The Gospel reading shows us the panoramic events of Jesus’ second coming—the day of judgment and the end times. We are reminded that we have to make sure that our hearts do not become drowsy from carousing and drunkenness and the anxieties of daily life, that we should be vigilant at all times and pray that we have the strength to stand before the Son of Man.

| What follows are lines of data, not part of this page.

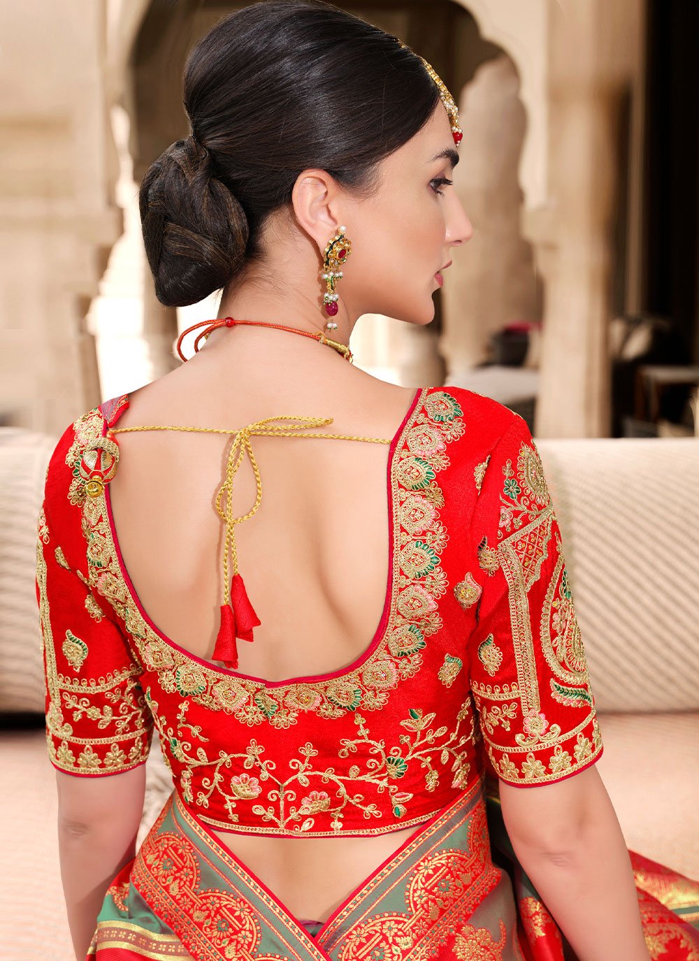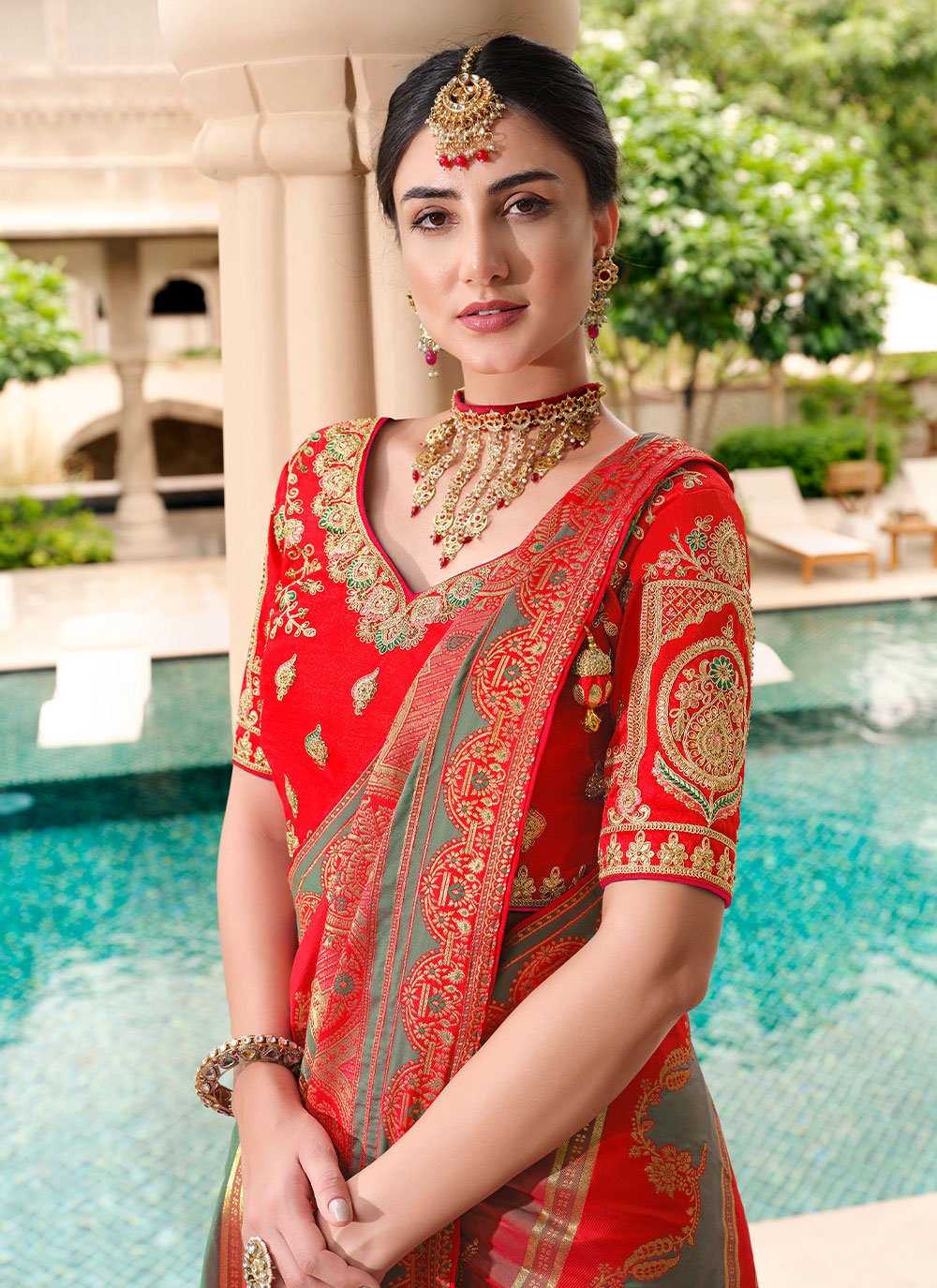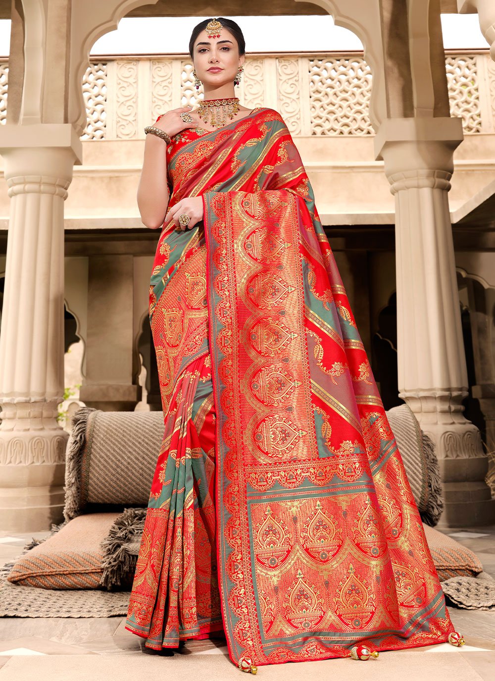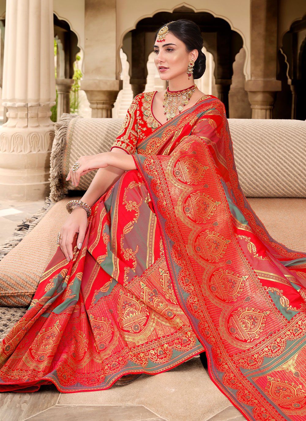 Be the sunshine of anyone’s eyes dressed with this appealing red silk classic saree. Beautified with weaving work all synchronized effectively with all the design and design of the attire. Comes with matching blouse. (Slight variation in color, fabric & work is possible. Model images are only representative.)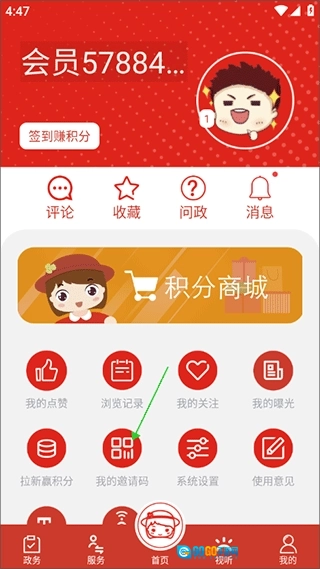 登录成功后会自动跳转至“我的”页面,接着点击左侧靠下位置的“我的邀请码”选项。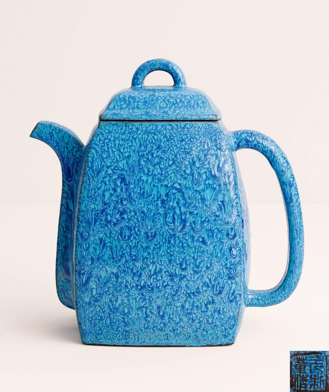 1.《故宫博物院藏文物珍品大系——紫砂器》,页251,图214,上海世纪出版股份有限公司,上海科学技术出版社,2008年1月。2.《宜兴紫砂》,页108,图41,两木出版社与文物出版社出版,1991年9月。3.《文荟菁英—和正斋宜兴紫砂藏珍》,图83,页230-231,台湾唐人工艺出版社,2012年3月1日。汉方壶是历史上传统经典壶型,其造型源自陶钫。钫是春秋时期的一种青铜制方口大腹的容器,汉方壶由此得名。这件炉钧釉汉方壶,壶身较高,壶流以四分之三平贴壶身,把圈方中寓圆,钮为拱桥式,盖口紧密吻合。器表满施炉均釉,釉彩斑斓华丽,静谧幽雅。汉方是清代典型流行壶式,此壶釉色层次丰富,流淌自然,器形纤巧,典雅清丽,做工精湛,耐人品玩。壶底印有“董清元制”款。炉钧釉属于低温铅釉,自清初就出现了华凤翔、董清元等汉方壶制作高手以及澹然斋、清远斋等著名作坊。唐英在《陶成纪事碑》中表示:“炉钧釉,色在广东窑与宜兴挂釉之间,而花纹流淌过之”。其制作方法是先将紫砂壶“本烧成品”,再施加釉料,入窑二次烧造成。董清元所作之器色彩丰富,秀丽淡雅,颇为珍贵。

It seems to me that the government is becoming drowsy from carousing in serving the ruling class of society. The “matuwid na daan (righteous path)” is so promising, yet there are mass graves and a flood of blood from all the victims of political executions. Within this matuwid na daan, there are people suffering from dire poverty, there are destitute and illiterate children, as well as homeless families who try their best to survive every day. Added to these conditions and situations are some Church leaders who strengthen their hearts and keep themselves blameless before God only within the Church’s structures.
It is so painful for a young religious like me to see the prophetic Church slowly dying. It is not becoming vigilant but is paralyzed, divided and silent to the shrill cries of the majority. How can we stand before God and the Son of Man, to whom we are accountable and responsible for our people’s blood? We cannot continue to be false prophets.
The season of Advent invites us to prepare ourselves and our people for the coming of Christ, which entails salvation and deliverance from all forms of injustice. Advent is the season when Christ’s remembrance directs our minds and hearts to await Jesus’ second coming at the end of time with a sense of happiness—because we have become true prophets by adhering to what is true and rightful for the poor, oppressed and marginalized sectors of our society.
May the blood of all the martyrs—activists, lay people, religious men and women, and indigenous peoples who offered their lives for freedom and deliverance from the chain of injustice—inspire us to be more authentic and prophetic in our witnessing to the Son of Man, whom we desire to serve. May these aspirations bring us to a devout and joyful expectation of Advent—a season of hope, not hopelessness.
Bro. Dennis A. Batucan, MJ, 25, is a third year student at Loyola School of Theology, Ateneo de Manila University.